List input datasets step names in the flow.

Returns:

list[str] –

List of input datasets names.

Examples:

>>> get_input_datasets()
["dataset1", "dataset2"]

get_output_buckets ¶

get_output_buckets()

List output buckets step names in the flow.

Returns:

list[str] –

List of output buckets names.

Examples:

>>> get_output_buckets()
["bucket_output"]

get_output_datasets ¶

get_output_datasets()

List output datasets step names in the flow.

Returns:

list[str] –

List of output datasets names.

Examples:

>>> get_output_datasets()
["dataset_output"]

glob_bucket_objects ¶

glob_bucket_objects(bucket_name, pattern)
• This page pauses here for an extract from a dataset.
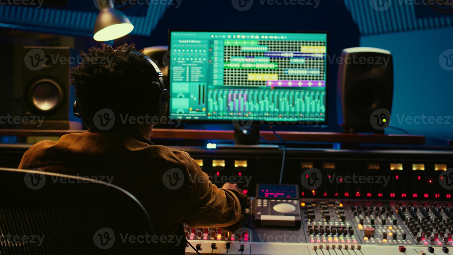 Audio designer leveling sound on a mixer control desk, professional music studio concept. Producer turns up volume and adding effects on a mixing console, recording live tracks. Camera B. Pro Photo

List files in a remote directory that match a pattern.

Parameters:

bucket_name (str) –

Name of the bucket to list in.
pattern (str) –

List all objects that starts with pattern.

Returns:

list[str] –

List of object names that match the pattern.

Examples:

>>> glob_bucket_objects("my-bucket", "path/to/file*.txt")
["my-bucket/path/to/file1.txt", "my-bucket/path/to/file2.txt"]

import_dataset ¶

import_dataset(dataset_name)

Load a pandas DataFrame from a parquet file in the papai bucket.

Parameters:

dataset_name (str) –

Name of the dataset to load.

Returns:

DataFrame –

DataFrame loaded from the parquet file.

Examples:

>>> df = import_dataset("my-dataset")
>>> repr(df)
DataFrame({"a": [1, 2, 3], "b": [4, 5, 6]})

list_bucket_objects ¶

list_bucket_objects(bucket_name, prefix='', recursive=True)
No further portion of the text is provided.